February/March 2020 issue of American Craft magazine
Author Alia Jeraj
Mediums Wood
Laura Petrovich-Cheney Entanglement

Laura Petrovich-Cheney, Entanglement, 2019, salvaged wood collected after natural disasters, 4 x 4 ft.

Jerry Russo

Laura Petrovich-Cheney was living in New Jersey when Hurricane Sandy hit in 2012. Her house sustained significant damage, while many other homes, including her parents’, were destroyed.

At the time, the artist was already creating her signature wood quilts, which combine her love of woodworking with her background in sewing and clothing design. But they took on new meaning following the hurricane. Surrounded by debris, Petrovich-Cheney began fashioning quilts from scraps of homes destroyed in the storm. She traveled through affected neighborhoods, speaking with community members as she gathered materials. “Collecting the wood became a way of comforting [storm victims] and making order out of chaos,” Petrovich-Cheney says.

Superstorms such as Sandy are becoming more frequent.
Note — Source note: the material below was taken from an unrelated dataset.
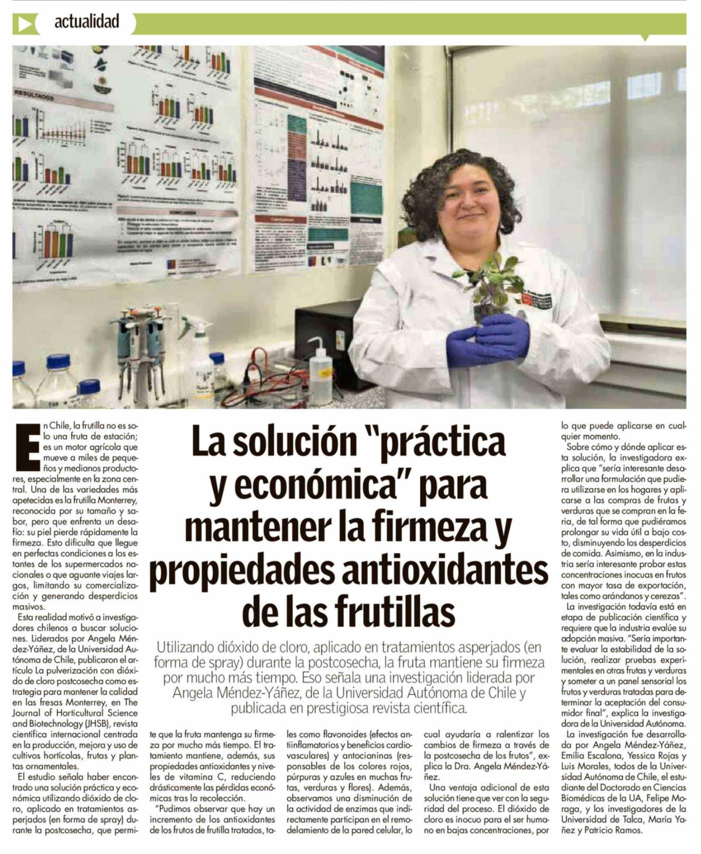 La solución "práctica y económica" para mantener la firmeza y propiedades antioxidantes de las frutillas 06-04-2026 Campo Sureño - Regiones IX, X y XIV |

The quilts call attention to the storms’ aftermath, with more people losing homes and having to rebuild.

Entanglement is modeled after double wedding ring quilts, enduring symbols of interconnection. The piece merges the disciplines of woodworking and quilting. It also carries over the past lives of its materials into their new iteration as art. By not retouching the scraps’ surfaces – “The colors are as I found them: the pink dresser, orange kitchen cabinets, avocado-green drawers, red door trim” – the artist aims to share stories of the homes they came from. “Things have memory,” she says.